Replay Signatures 6 RPC, recovery 18547 Allow MDS/OSS to determine if client can legitimately replay an RPC, by digitally signing it at processing time and verifying the signature at replay time.
Network Request Scheduler (NRS) 6 RPC, OST, benchmarking 13634 Order IO (and possibly metadata) requests by client, file offset, priority, etc in order to improve overall back-end efficiency and/or provide QOS to clients. Dynamically change the number of RPCs in flight for each client to balance the RPC traffic at the server. Previous research done by Sun shows this can significantly improve overall performance.
Lustre Block Device 6 VFS, LOV 5498 Lustre object lloop driver exports block device to userspace, bypassing filesystem. Code partly works and is part of 1.6.4+, but has correctness issues and potential performance problems. It needs to be ported to newer kernels.
Client PAGE_SIZE < server PAGE_SIZE 6 RPC, LNET 686 Support smaller page sizes on client than server. Applies to exotic server HW like PPC/ia64/SPARC.
Swap on Lustre 7 VFS, VM 5498 Depends on the Lustre block device. Has problems when working under memory pressure, which makes it mostly useless until those problems are fixed.
Directory readdir+ 7 VFS, MDS 17845 Bulk metadata readdir/stat interface to speed up "ls -l" operations. Send back requested inode attributes for all directory entries as part of the extended dirent data. Integrate with any proposed API for this on the client. Needs Large Readdir RPCs to be efficient over the wire, since more data will be returned for every entry.
OST Space Management (Basic) 7 HSM, MDS, LOV 13107 Simple migration capability - transparently migrate objects/files between OSTs (blocking application writes, or aborting migration during contention); evacuate OSTs and move file data to other OSTs; add new OST and balance data on it. The OST doesn't really need to understand this, only the MDS (for LOV EA rewrite) and client (LOV EA rewrite). The HSM project implements layout lock support and policy engine for automatic space management. An ioctl that allows transparently changing an MDS inode to point to the migrated object(s) instead of the original object(s) and then scheduling the old object(s) for destruction.
Small file IO aggregation 7 CLIO, OST 944 Small file IO aggregation (multi-object RPCs), most likely for writes first, and possibly later for reads in conjunction with statahead.
Version Based Recovery for delayed clients 8 recovery 10609 Complete VBR implementation to handle delayed client recovery/reconnection. Needed for disconnected network operation, better fault tolerance.
Client-side data encryption 9 VM, security 5286 Encrypt files and directories (or possibly just filenames) on the client before sending to the server. This avoids sending unencrypted data over the network, or ever having the data in plaintext on the server (in case of separate decryption from network, encryption on disk).

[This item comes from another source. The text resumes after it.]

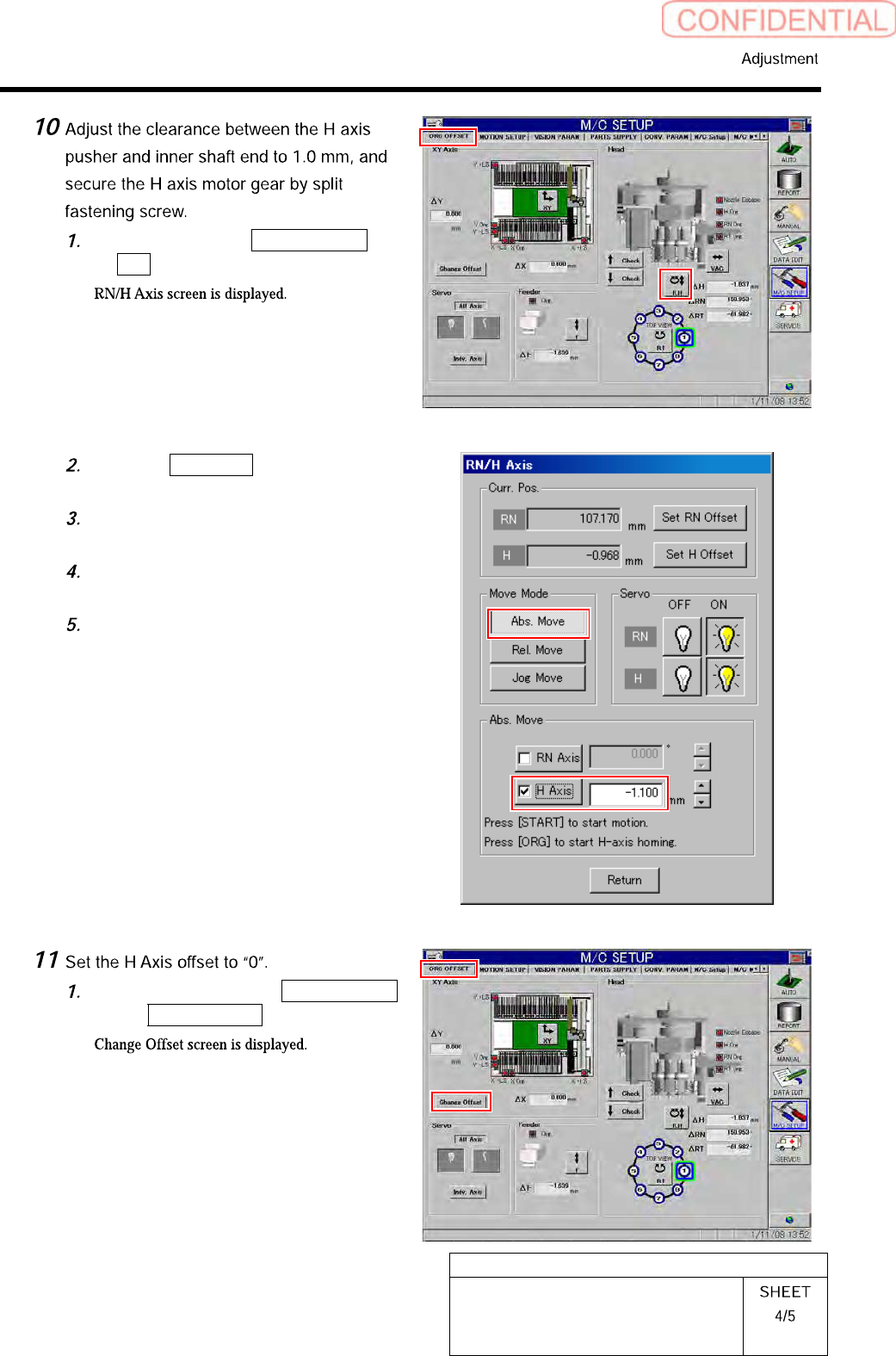 Perform position adjustment of the lower end sensor (H-CW) in the post-process of “Adjustment H axis

Ptlrpc layer rewrite 9 recovery, RPC 5286 Rewrite the Lustre RPC code to clean up the code and simplify RPC handling.
local object zero-copy IO 9 VFS, DLM, OST Efficient data IO between a client and a local OST object; optimization to support local clients. Likely implemented as a fast-path connection between the OSC and the local OFD/OSD. Read cache should be kept on the OSD instead of at the client VFS level, so that the cache can be shared among all users of this OST.